What is being asked - Down to the last line below, repeat the entries word for word and drop the pictures.

┌─ Data to use

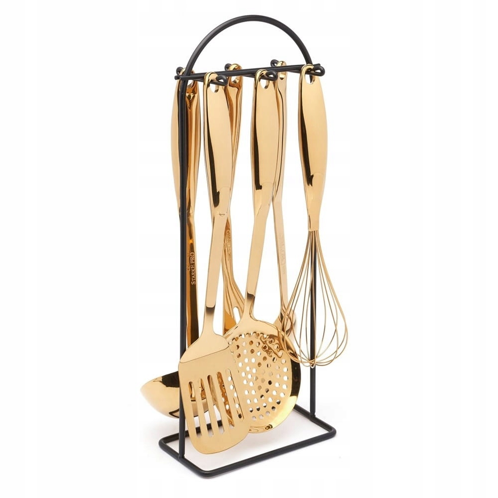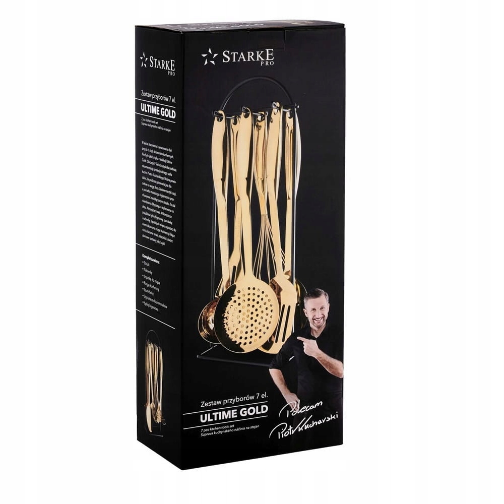Набір елегантного кухонного посуду від виробника Starke Pro - це, безумовно, сучасне кухонне обладнання, яке вражає не тільки своїм зовнішнім виглядом, але і кількістю продуктів в упаковці. Він складається з підставки та 6 надзвичайно корисних кухонних аксесуарів. Золотий кухонний посуд робить приготування їжі не тільки легким, але й приємним. Це повний пакет, який порадує вас своєю універсальністю та універсальністю.
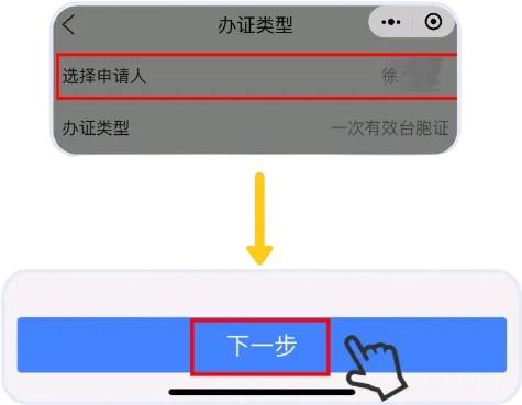 2.点击“选择申请人”,选择办理人,办证类型默认为一次有效台胞证,点击“下一步”。
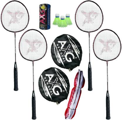 AXG NEW GOAL Scratch Resistant A-2000 Racquets set of 4 with Cover, 3 Plastic Shuttle and Net Badminton Kit
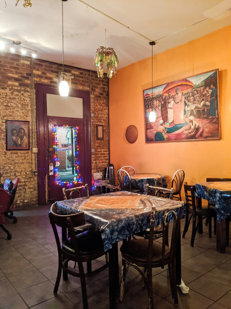 ગામ્બિયા અને કેમરુનની અમુક ટ્રેડિશનલ રેસિપીઝ અમને આ રેસ્ટ્રોંમાં માણવા મળી. તેમનું ડેકોર પણ મસ્ત રંગબેરંગી હતું!
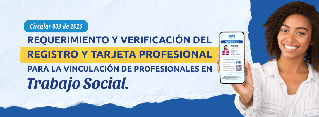 El Consejo Nacional de Trabajo Social (CNTS) expide la Circular 003 de 2026, mediante la cual informa a entidades públicas, empresas privadas, fundaciones, corporaciones y en general a todos los empleadores del país, la obligación legal de verificar el registro y la tarjeta profesional vigente de quienes sean vinculados como trabajadores y trabajadoras sociales, a fin de garantizar el ejercicio legal de la profesión.

└─

Written response -
Набір елегантного кухонного посуду від виробника Starke Pro - це, безумовно, сучасне кухонне обладнання, яке вражає не тільки своїм зовнішнім виглядом, але і кількістю продуктів в упаковці. Він складається з підставки та 6 надзвичайно корисних кухонних аксесуарів. Золотий кухонний посуд робить приготування їжі не тільки легким, але й приємним. Це повний пакет, який порадує вас своєю універсальністю та універсальністю.
 2.点击“选择申请人”,选择办理人,办证类型默认为一次有效台胞证,点击“下一步”。
 AXG NEW GOAL Scratch Resistant A-2000 Racquets set of 4 with Cover, 3 Plastic Shuttle and Net Badminton Kit
 ગામ્બિયા અને કેમરુનની અમુક ટ્રેડિશનલ રેસિપીઝ અમને આ રેસ્ટ્રોંમાં માણવા મળી. તેમનું ડેકોર પણ મસ્ત રંગબેરંગી હતું!
 El Consejo Nacional de Trabajo Social (CNTS) expide la Circular 003 de 2026, mediante la cual informa a entidades públicas, empresas privadas, fundaciones, corporaciones y en general a todos los empleadores del país, la obligación legal de verificar el registro y la tarjeta profesional vigente de quienes sean vinculados como trabajadores y trabajadoras sociales, a fin de garantizar el ejercicio legal de la profesión.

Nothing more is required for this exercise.